I read for most of the hour and then indulged in a power nap, the half-wakeful, semi-aware mental free-for-all of a noon nap. It's like the ten-minute nap I used to take while wired on caffeine at midnight and 3:00 and 6:00 a.m. during my otherwise all-nighters in college. Recharges the brain.

This morning's bike ride was much more successful than Wednesday's: I didn't get a flat less than a mile out and have to turn back with my tail between my legs. I shall join RDC at the DU gym after work. I can't believe the paunch I have developed. Today I'm wearing the undyed linen skirt I bought the summer of 1991, and the waistband is tight. I know I was thinner in 1991 than now, but I don't like such undeniable proofs of it as this. The summer of 1989, when a cessation of artificial hormones and a build-up of unrequited naturally-occurring ones led to an unnatural weight-loss and my lowest-ever adult weight (I assume lowest-ever; I'm not dead yet, but that was when I was 21). 1991-92, when stress contributed to a lack of appetite, depression to a lack of sleep, and academic procrastination to additional exercise. Spring of 1995, when I attempted to lose weight for my wedding (the least successful of the four thinner periods). Spring of 1996, when a lunch-hour Stairmaster with my initials stained on it in sweat led to the best shape I've ever been in, inside and out.
And now, I hope, summer of 1997, when I plan to ride to work through September at least and to meet RDC at the gym three afternoons a week after work.

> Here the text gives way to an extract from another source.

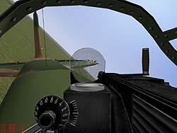 | 後部機銃手にもなれる。これはただ撃つだけだから気楽。とはいえ,調子に乗って水平尾翼を吹き飛ばしたぞ | 激しい空中戦を制して基地に帰投する。そのとき初めて垂直尾翼に被弾していることに気がつく。今日もなんとか生き残ったぜ,と気取ってみたりして |
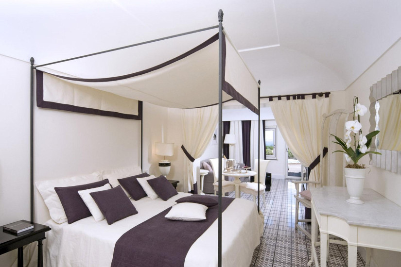 - В отеле 57 номеров, включая Classic Single Room, Superior Single Room, Classic Double Room, Standard Double Room, Superior Double Room, Deluxe Double Room, Park Junior Suite, Tower Junior Suite, Deluxe Suites, Deluxe Bungalow Family Suite. Интерьеры сочетают изящный средиземноморский стиль и элегантный современный дизайн: светлые тона с акцентами ярких красок, драпировки из изысканных тканей, тщательно подобранные элементы декора создают неповторимую атмосферу легкости и уюта. Из номеров открывается изумительный вид на лазурное море, живописный парк и виднеющиеся вдали Везувий и склоны Эмпео.

Tomorrow RDC and I might go to Echo Lake to hike. I wonder how cold the lake is; it's frightening to think it might be colder than Grand. Cleaner than the reservoirs, I'd wager. I want to explore the Highline Canal more though. Apparently it goes to Cheesman Reservoir. That will easily wait for a cooler day. It was 92 yesterday and I think it was hotter today. Tomorrow is meant to be cooler, but I really want to see a lake, however freezing cold it may be.

While BJW was in Boston with CLH finding her wedding apparel (and allegedly muchos other garments as well), CLH suggested I do the invitations, as I did RDC's and mine. BJW asked and I said okey-dokey but I don't know quite what I've got myself into. She sent me on a ragged torn-off sheet of notebook paper a rough draft. N.B. she wants this sheet back, ragged side and all. So I sent it back, unable to resist jotting (a BJW word) this note: "Sorry to hear paper's so expensive you need this back." Note well again that I had ruined the verso with a list of fonts that I made while going through the Format menu looking for fonts suitable for a wedding invitation, and then notes to her also: I suggested she use both middle names or neither--she has his full and her initial, and of course I unfairly assume this is because she holds herself less important. Furthermore she had used his nickname, or what I had assumed was his nickname. In discussing this with her Wednesday night (and I really don't want to advise her paper selection, as I expect she'll be stupid about it), I suggested she use his actual name. "No!" she exclaimed, aghast. "Never call him that." That's when I found out he was christened with a diminutive, which is even worse than Jimmy Carter being inaugurated with his nickname. At least Carter was legally James, if he wanted to be. I asked her just how much of a redneck she's marrying, though I know that low class or not he's a nice man, which seems to be all she wants. She defending him saying his mother'd named him. Like growing up with such a one leaves no mark. And I should keep my mouth shut.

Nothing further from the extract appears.